START Provided data

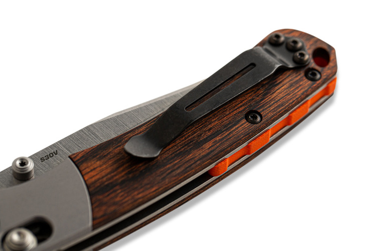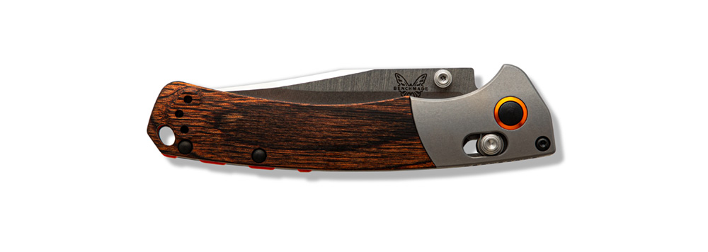 Benchmades fällknivar är utrustade med en genial låsmekanism som av många rankas som nr. 1. Fördelarna i Axis-lock ligger i snabbheten, hållbarheten och säkerheten. Snabbheten kan jämföras med fjäderassisterad modell (som inte får säljas i Sverige), med fördelen att man med bara en hand lika snabbt fäller in bladet. Tryck in knappen, gör en lätt knyck och bladet åker in, eller ut. Låset är helt oberoende vilken hand du håller kniven i.
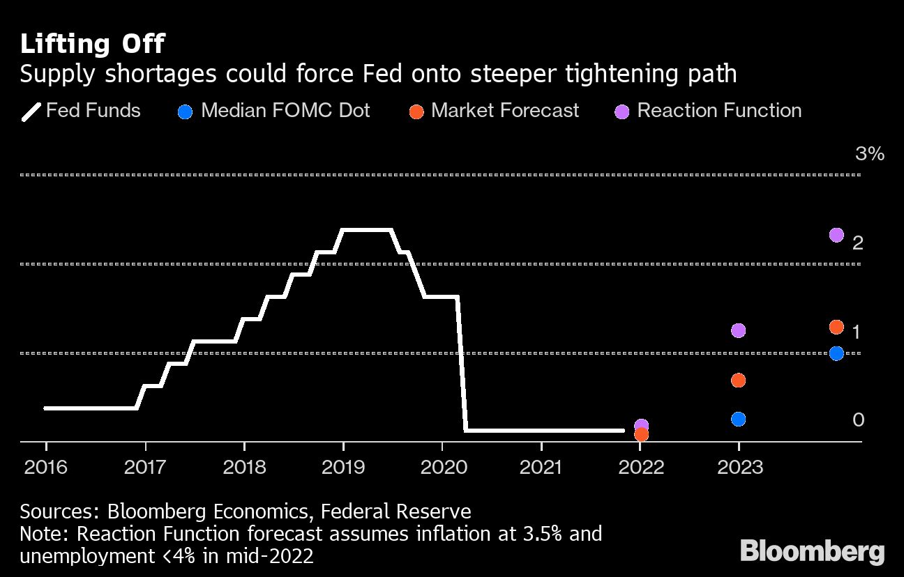 Traders are currently pricing in two Fed rate hikes in 2022, two more than the median member of the Federal Open Market Committee. A Bloomberg Economics model of the Fed's reaction function — its policy response to changes in the economy — suggests that if inflation runs strong and unemployment falls, even two hikes next year might not be enough.
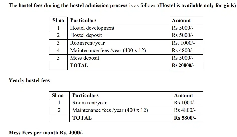 The hostel is in very good condition. Per room can accommodate 3 people and there is an attached bathroom. The hostel food is mediocre and the menu is not so good. The registration for hostel should be done during the process of admission. The hostel fee is 5800/per year.
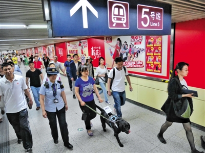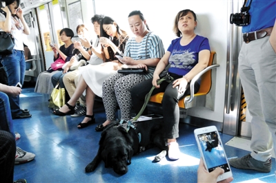 去年11月,《北京市轨道交通运营安全条例》经人大常委会表决通过,2015年5月1日起,视力残障者出示视力残障证件和导盲犬证,可携带导盲犬进站乘车。

END Provided data

### What to do
Give back the whole listing as it stands, minus its pictures.

### Exercise answer
 Benchmades fällknivar är utrustade med en genial låsmekanism som av många rankas som nr. 1. Fördelarna i Axis-lock ligger i snabbheten, hållbarheten och säkerheten. Snabbheten kan jämföras med fjäderassisterad modell (som inte får säljas i Sverige), med fördelen att man med bara en hand lika snabbt fäller in bladet. Tryck in knappen, gör en lätt knyck och bladet åker in, eller ut. Låset är helt oberoende vilken hand du håller kniven i.
 Traders are currently pricing in two Fed rate hikes in 2022, two more than the median member of the Federal Open Market Committee. A Bloomberg Economics model of the Fed's reaction function — its policy response to changes in the economy — suggests that if inflation runs strong and unemployment falls, even two hikes next year might not be enough.
 The hostel is in very good condition. Per room can accommodate 3 people and there is an attached bathroom. The hostel food is mediocre and the menu is not so good. The registration for hostel should be done during the process of admission. The hostel fee is 5800/per year.
 去年11月,《北京市轨道交通运营安全条例》经人大常委会表决通过,2015年5月1日起,视力残障者出示视力残障证件和导盲犬证,可携带导盲犬进站乘车。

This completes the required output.